**DATA SHOWN:**
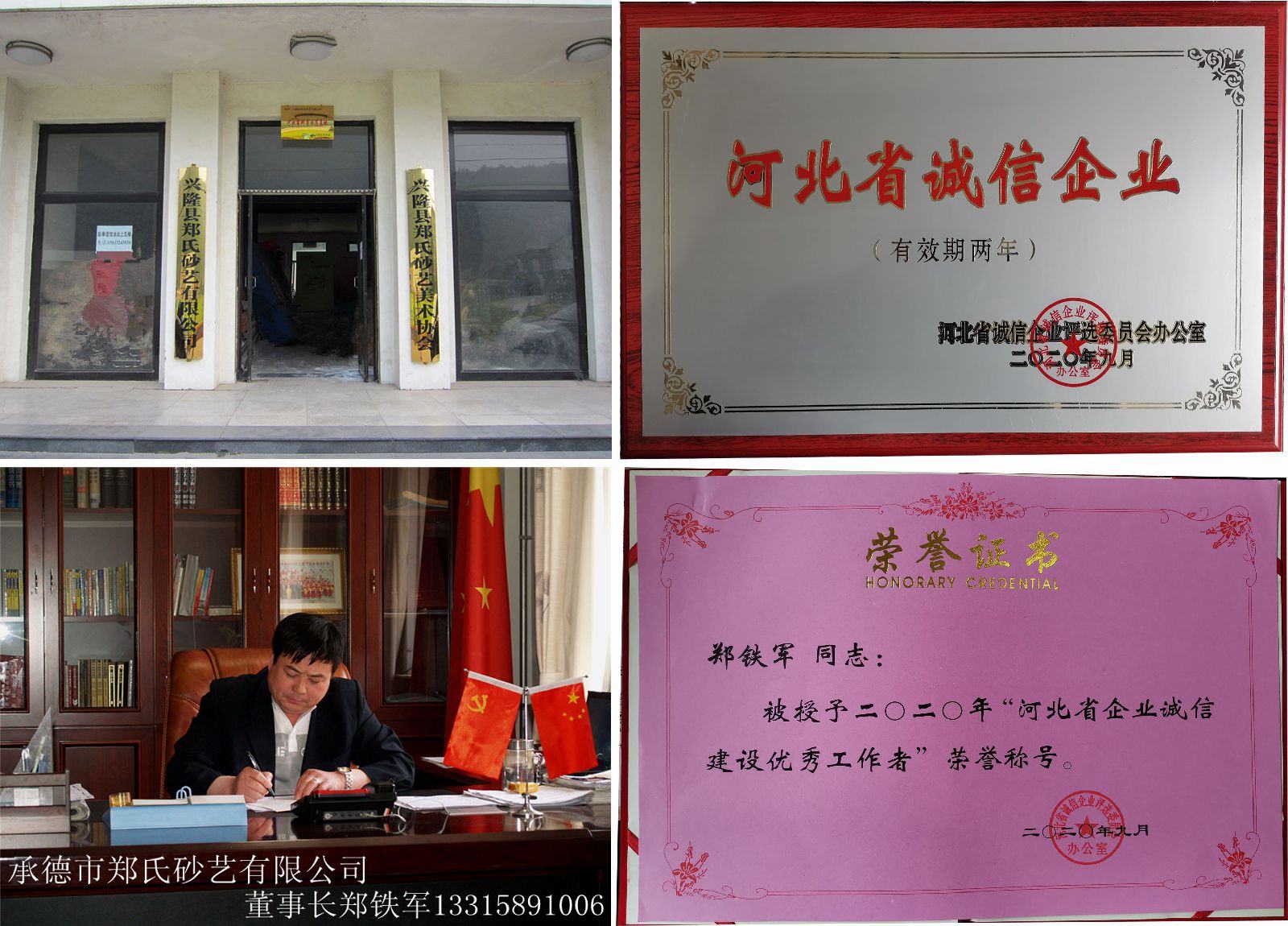 近日,歷時(shí)5個(gè)月,經(jīng)過層層選拔,興隆縣鄭氏砂藝文化有限公司再次被河北省誠信企業(yè)評(píng)審委員會(huì)評(píng)定為“河北省誠信企業(yè)”。興隆縣鄭氏砂藝文化有限公司董事長鄭鐵軍同志被授予“2020年度河北省企業(yè)誠信建設(shè)優(yōu)秀工作者”榮譽(yù)稱號(hào)。這是我公司自2014年以來連續(xù)四屆獲得此項(xiàng)殊榮。
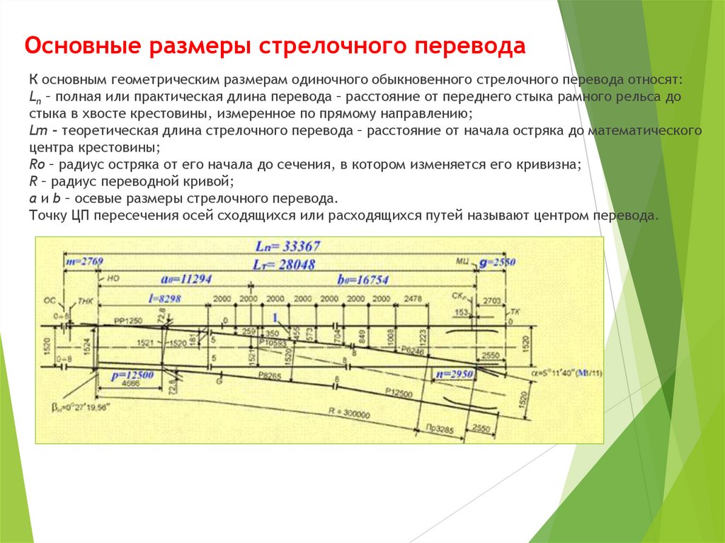 К основным геометрическим размерам одиночного обыкновенного стрелочного перевода относят:Lп – полная или практическая длина перевода – расстояние от переднего стыка рамного рельса до
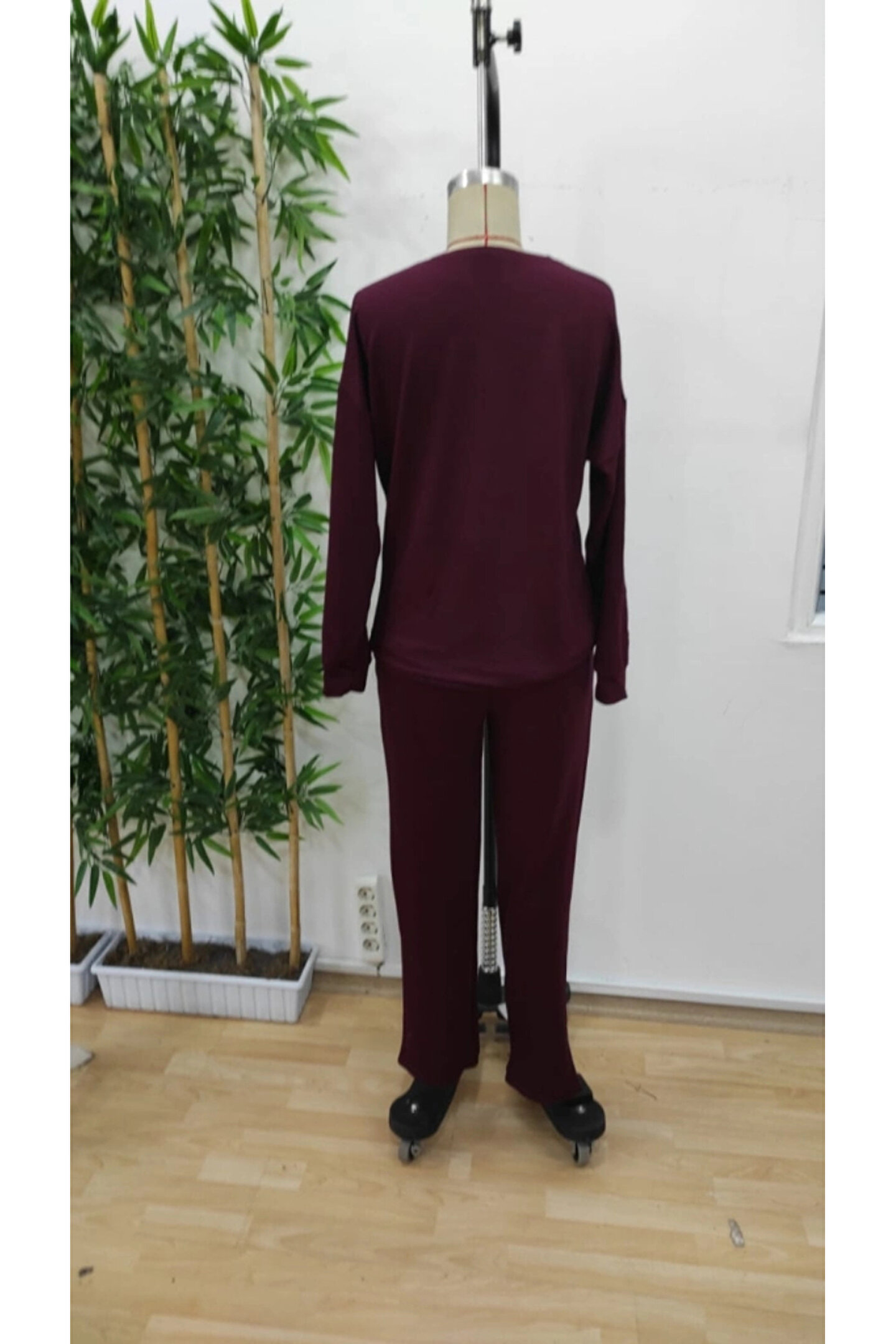 Kadın Uzun Kollu Bisiklet Yaka Viskon Iki Iplik Bluz Ve Pantolon Ikili Takım
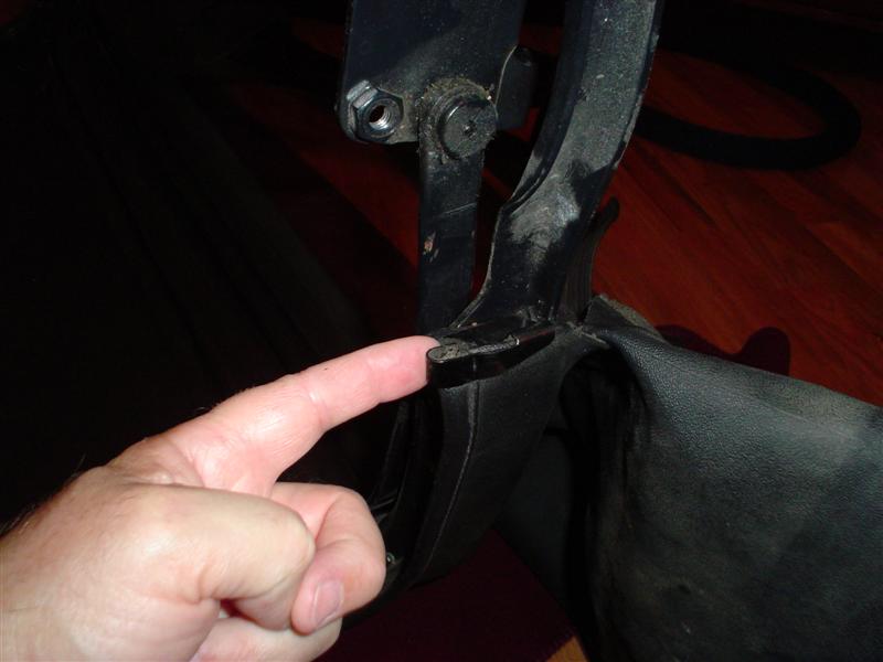 The easiest way to access the 2 push-type fasteners is to remove the 2 rivets holding the cloth behind it.
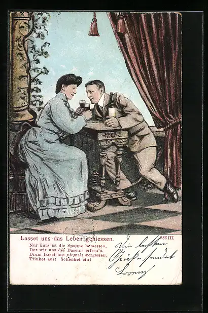 AK Lasset uns das Leben geniessen, Paar beim Wein

**THE TASK:** Pictures should be left out when the records above are restated exactly.

**SOLUTION TO THIS EXERCISE:**
 近日,歷時(shí)5個(gè)月,經(jīng)過層層選拔,興隆縣鄭氏砂藝文化有限公司再次被河北省誠信企業(yè)評(píng)審委員會(huì)評(píng)定為“河北省誠信企業(yè)”。興隆縣鄭氏砂藝文化有限公司董事長鄭鐵軍同志被授予“2020年度河北省企業(yè)誠信建設(shè)優(yōu)秀工作者”榮譽(yù)稱號(hào)。這是我公司自2014年以來連續(xù)四屆獲得此項(xiàng)殊榮。
 К основным геометрическим размерам одиночного обыкновенного стрелочного перевода относят:Lп – полная или практическая длина перевода – расстояние от переднего стыка рамного рельса до
 Kadın Uzun Kollu Bisiklet Yaka Viskon Iki Iplik Bluz Ve Pantolon Ikili Takım
 The easiest way to access the 2 push-type fasteners is to remove the 2 rivets holding the cloth behind it.
 AK Lasset uns das Leben geniessen, Paar beim Wein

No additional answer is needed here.